Water was the first source of power for the mill, dating from 1820, but other power came into being later on. John Fitz, 1847-1914, inventor and manufacturer of the "modern" Steel Overshoot Water Wheel is pictured at the left. The Fitz Steel Overshoot Water Wheel is the product of three generations of unbroken experience in the design and manufacture of water wheels. Its high efficiency is due to its correct mechanical principles and to its careful design and construction. The manufacture of Overshoot Water Wheels was begun by Samuel Fitz, in Hanover, Pa. in 1840. The industry had been carried on continuously since that time on the same site under the management of the son and grandson of the original founder. The earlier Fitz Wheels were, of course, built of wood, but the greater part of the business is the manufacture of the all-steel Overshoot Water Wheels.
A horse-power is the amount of power required to raise 33,000 pounds one foot per minute. To compute the horse-power of any stream, multiply the number of cubic feet of water it flows per minute by 62-1/8 (which is the weight in pounds of one cubic foot.) Multiply that product by the head (in feet) and divide the product by 33,000. The quotient will be the full horsepower of the stream.
Most turbine manufacturers claim that their wheels will develop 80% efficiency, but it is well known that very few of them in actual use will ever reach 70% efficiency, and then only under the most favorable conditions. The Fitz will develop from 90% to 95% efficiency, depending upon the diameter of the wheel, or at least one-third more power than any other wheel using the same amount of water.
The EFFICIENCY of a water wheel is the actual horse-power which it develops with a certain amount of water as compared with the power which it is theoretically possible to develop with that amount of water. It is impossible to develop the full theoretical power, for there must always be some loss, but the nearer the wheel approaches this performance, the higher the efficiency.
BACK-WATER occurs when the tail race from the mill becomed clogged or choked so that the wheel has to wade in the water it discharges. The greatest care should be exercised to avoid this condition.
The JACKSHAFT is the shaft which carries the pinion wheel which gears into the segment gear, or master wheel.
A PINION is a small gear wheel which gears into a larger one.
The MAIN DRIVE PULLEY is the large pulley or belt wheel that usually goes on the jack shaft and carries the belt that drives the line shaft to proper speed.
The CHUTE is the short trough of wood or iron which conveys the water from the gate to the buckets of the water wheel.
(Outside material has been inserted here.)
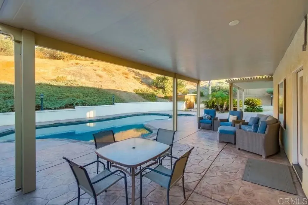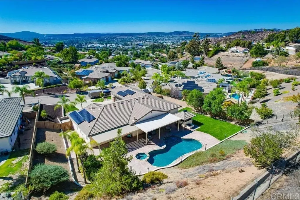 Immaculate Single-Level Home in Santee!| Over Acre | Entertainers Dream!! Welcome to this elegant and expansive single-level home in the prestigious BlackHorse Estates of Santee. Perfectly positioned on over half an acre, this immaculate property offers luxurious living, exceptional privacy, and unmatched versatilityideal for entertaining, multigenerational living, or accommodating adult children. Step inside to discover a thoughtfully designed floor plan featuring 3 spacious great rooms, 2 fireplaces, and 4 generously sized bedrooms one of which can be a private suite with its own entrance and bathroomperfect for guests, extended family, or rental potential. The gourmet kitchen is a chefs dream, boasting granite countertops, stainless steel appliances, and a large center islandall seamlessly connected to the open living and dining areas. Step outside to your own resort-style oasis: A sparkling pool with covered equipment protected by a shed structure. A built-in BBQ island and gas firepit for added evening ambiance. A solid covered patio for year-round enjoyment as well as a shaded covering to allow in some sun. A sectioned off pet area on the north side of the home for your furry family members. Open space behind the property with no rear neighborsoffering tranquility and privacy. Additional highlights include: Owned solar systemproducing credits with SDGE. Concrete tile roof for added fire protection. 2 central A/C units for zoned climate control 3-car garage plus gated RV/toy parking. Expansive driveway and lush landscaping. This is more than a homeits a lifestyle. Whether you're hosting unforgettable gatherings or seeking space for multiple generations, this rare BlackHorse gem checks every box.

It is generally about three feet long.
An operating 1908 Fairbanks Morse gas engine is belt coupled to a dynamo, which made DC power to light the mill as well as the town. There is also a large steam engine set in place, but it needs much restoration work.
Jane McCone (firstname.lastname@example.org) writes to tell us that Hanford Mills Museum will be re-installing steam power in the old mill beginning in January 2000. A new boiler will be built and the search is on for the right engine. The mill will run on water power in the mornings and steam in the afternoons.
We came here for an engine show, but we were treated to an EXCELLENT museum tour as well! The Engine Jamboree features antique engines, tractors, automobiles, fire trucks and boats. The Fall Harvest Festival features corn harvesting, draft horses, mill demonstrations, food and much more.